Scala Arrays

Jakob Jenkov
Last update: 2014-07-08

In Scala arrays are immutable objects. You create an array like this:

var myArray : Array[String] = new Array[String](10);

First you declare variable var myArray to be of type Array[String]. That is a String array. If you had needed an array of e.g. Int, replace String with Int.

Second you create a new array of Strings with space for 10 elements (10 Strings). This is done using the code new Array[String](10). The number passed in the parentheses is the length of the array. In other words, how many elements the array can contain.

Once created, you cannot change the length of an array.

Accessing Array Elements

You access the elements of an array by using the elements index in the array. Element indexes go from 0 to the length of the array minus 1. So, if an array has 10 elements, you can access these 10 elements using index 0 to 9.

You can access an element in an array like this:

var aString : String = myArray(0);

Notice how you use normal parentheses to enclose the element index, rather than the square brackets [] used in Java.

To assign a value to an array element, you write this:

myArray(0) = "some value";

Iterating Array Elements

You can iterate the elements of an array in two ways. You can iterate the element indexes, or iterate the elements themselves.

Iterate Indexes

The first way is to use a for loop, and iterate through the index numbers from 0 until the length of the array. Here is how:

for(i <- 0 until myArray.length){
    println("i is: " + i);
    println("i'th element is: " + myArray(i));
}

The until keyword makes sure to only iterate until myArray.length - 1. Since array element indexes go from 0 to the array length - 1, this is the appropriate way to iterate the array.

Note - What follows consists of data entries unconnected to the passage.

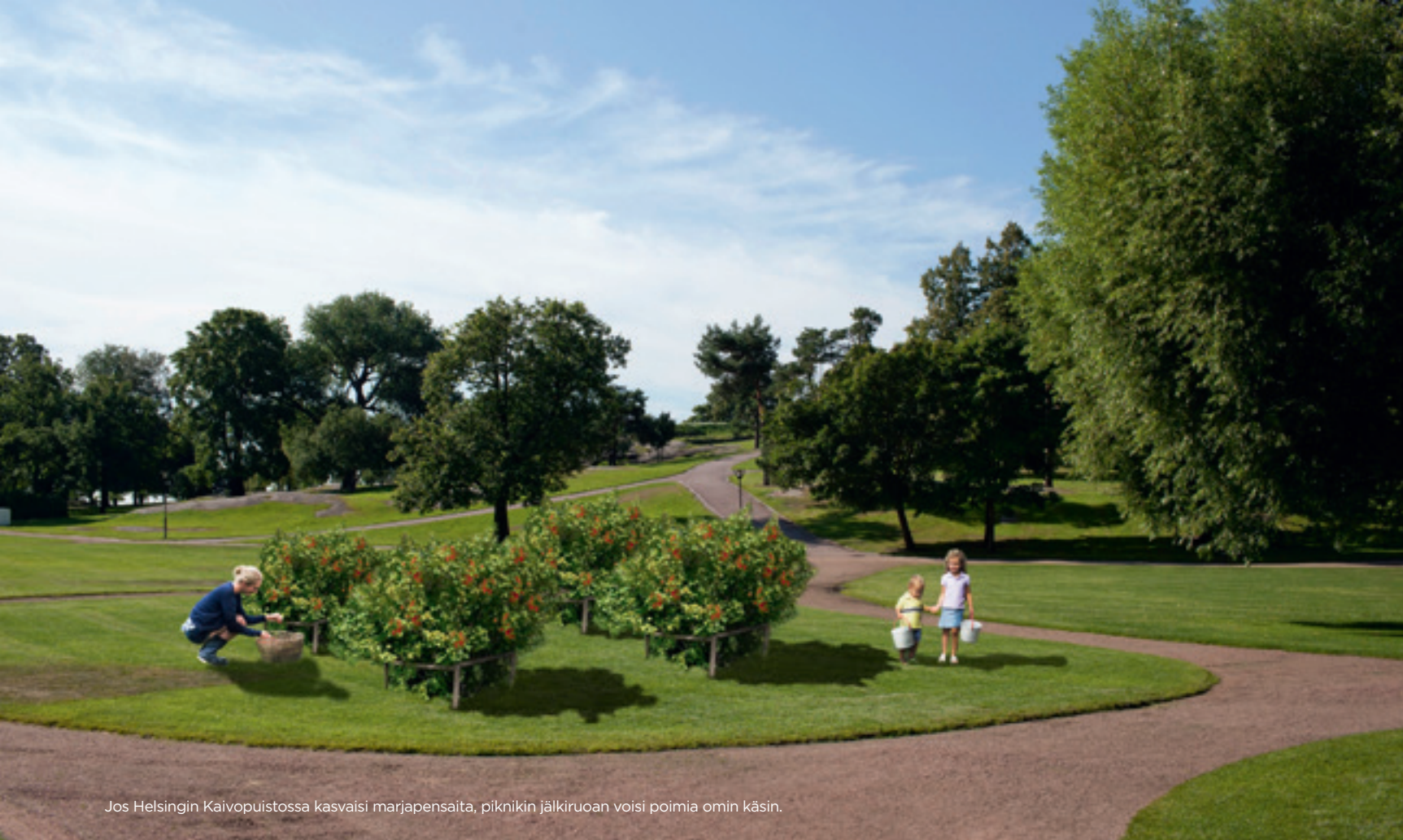
Jos Helsingin Kaivopuistossa kasvaisi marjapensaita, piknikin jälkiruoan voisi poimia omin käsin.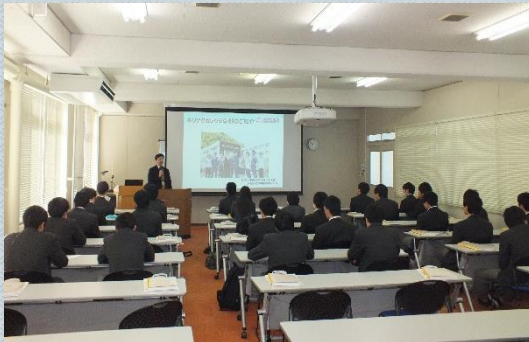
学校説明・施設見学

組込みLinuxマイコンボード（Raspberry Pi）を用いた組込み機器実習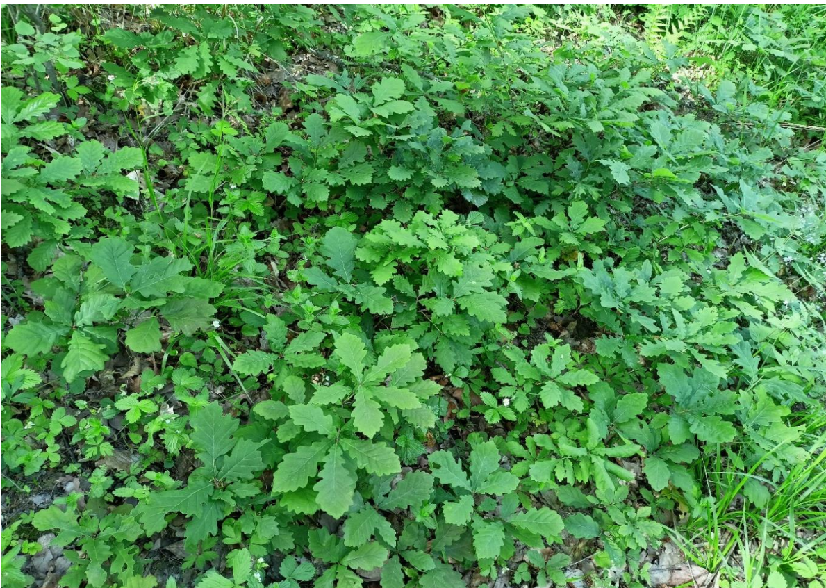
Foto 4. – Regenerare de GO în u.a. 11A, după tăieri progresive de punere în lumină (2018)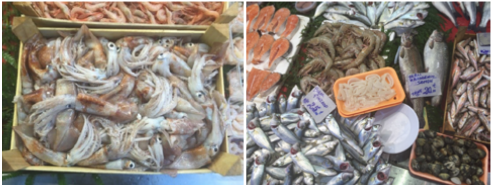
Imagen N° 6: Calamares locales en mercado (izquierda) e importados y limpios (derecha)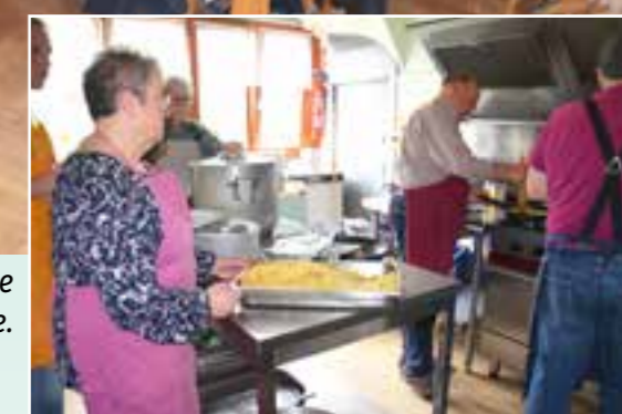
Les bénévoles en pleine action à la cuisine.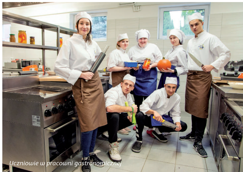
Uczniowie w pracowni gastronomicznej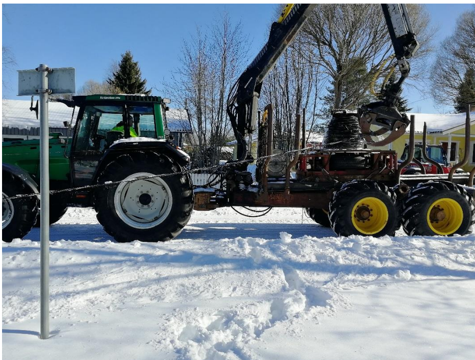
KUVA 6. Traktori, jolla kelataan johtimet ja kuljetetaan pylvää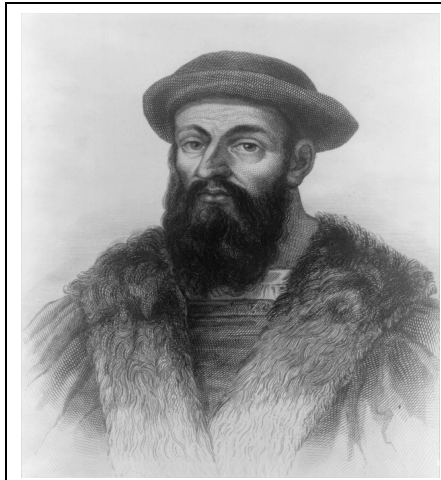
Portrait de Magellan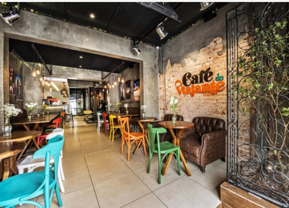
Imagem 5: Restaurante

Bares, Restaurantes e Cafeterias também tem um protocolo específico, visto que estão diretamente relacionados ao turismo: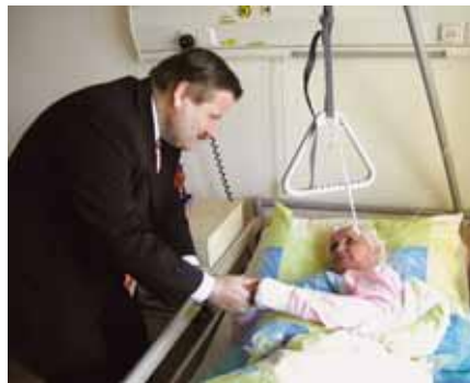
Místopředseda vlády a ministr práce a sociálních věcí Ing. Zdeněk Škromach při návštěvě hospice Citadela ve Valašském Meziříčí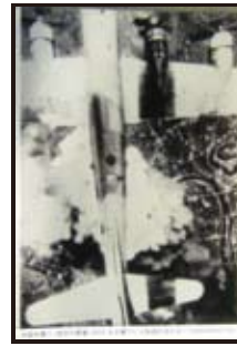
大阪を襲う「超空の要塞」B29 右主翼下に大阪城が見える (1945年6月1日)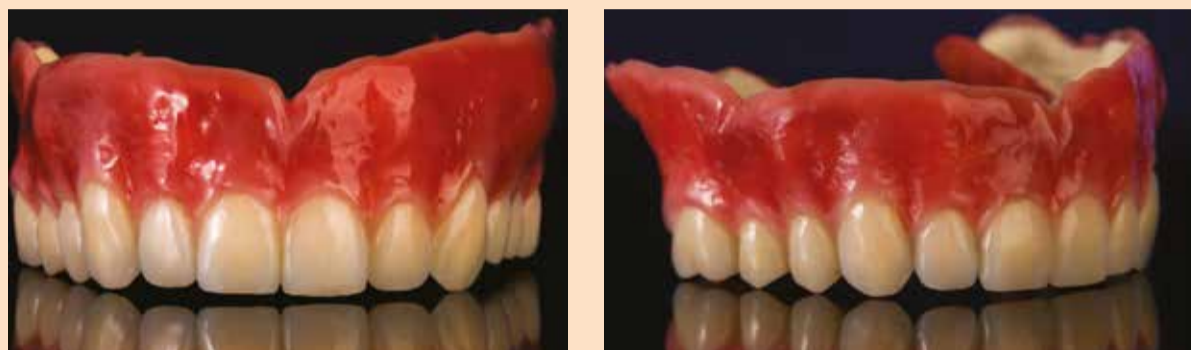
Sl. 8: Konačni izgled, nakon poliranja

If you had needed i to also take the value of myArray.length in the final iteration, you could have used the to keyword instead of the until keyword. For more details on for loops, see the text
Scala for.

Iterate Elements

The second way to iterate an array is to ignore the indexes, and just iterate the elements themselves. Here is how:

for(myString <- myArray) {
    println(myString);
}

For each iteration of the loop the myString takes the value of the next element in the array. Note that myString is a val type, so you cannot reassign it during the for loop body execution.